Same Theatre Analysis
Cineplex reviews and reports
same theatre metrics relating to box office revenues, theatre food
service revenues, theatre rent expense and theatre payroll expense,
as these measures are widely used in the theatre exhibition
industry as well as other retail industries.
Same theatre metrics are calculated by removing the results for
all theatres that have been opened, acquired, closed or otherwise
disposed of subsequent to the start of the prior year comparative
period. For the three months ended December 31, 2018 the impact of the 3 locations
that have been opened or acquired and 2 locations that have been
closed have been excluded, resulting in 161 theatres being included
in the same theatre metrics. For the year ended December 31, 2018 the impact of the 3 locations
that have been opened or acquired and the 4 locations that have
been closed have been excluded, resulting in 161 theatres being
included in the same theatre metrics.
Cost of sales percentages
Cineplex reviews and reports
cost of sales percentages for its two largest revenue sources, box
office revenues and food service revenues as these measures are
widely used in the theatre exhibition industry.

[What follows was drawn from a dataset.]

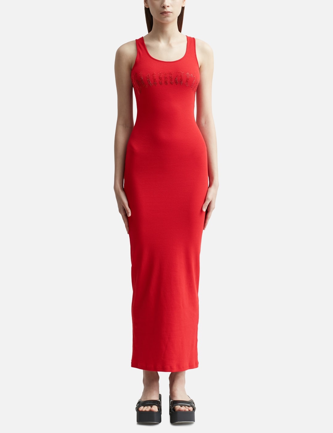 - Blumarine - Logo Long Dress - Slim fit - Sleeveless design - Scoop neck - Tonal applique branding to the chest - Racerback - Maxi length - Color: Lipstick Red - Country Of Origin: IT - Material: 95% Cotton, 5% Elastane - See more Dresses and Clothing SIZING - Model wears size XS - Model measures: Height 176cm, Chest 32”/81cm, Waist 23”/59cm,Hip 35”/90cm

These measures are
reported as film cost percentage and concession cost percentage,
respectively, and are calculated as follows:
Film cost percentage: Calculated as total film cost
expense divided by total box office revenues for the period.
Theatre concession cost percentage: Calculated as total
theatre food service costs divided by total theatre food service
revenues for the period.
The Rec Room food cost percentage: Calculated as
total The Rec Room food costs divided by total The Rec
Room food service revenues for the period.
Certain information included in this news release contains
forward-looking statements within the meaning of applicable
securities laws. These forward-looking statements include,
among others, statements with respect to Cineplex's objectives,
goals and strategies to achieve those objectives and goals, as well
as statements with respect to Cineplex's beliefs, plans,
objectives, expectations, anticipations, estimates and
intentions. The words "may", "will", "could", "should",
"would", "suspect", "outlook", "believe", "plan", "anticipate",
"estimate", "expect", "intend", "forecast", "objective" and
"continue" (or the negative thereof), and words and expressions of
similar import, are intended to identify forward-looking
statements.
By their very nature, forward-looking statements involve
inherent risks and uncertainties, including those described in
Cineplex's Annual Information Form ("AIF"), Cineplex's management's
discussion and analysis ("MD&A") and in this news
release. Those risks and uncertainties, both general and
specific, give rise to the possibility that predictions, forecasts,
projections and other forward-looking statements will not be
achieved. Certain material factors or assumptions are applied in
making forward-looking statements and actual results may differ
materially from those expressed or implied in such statements.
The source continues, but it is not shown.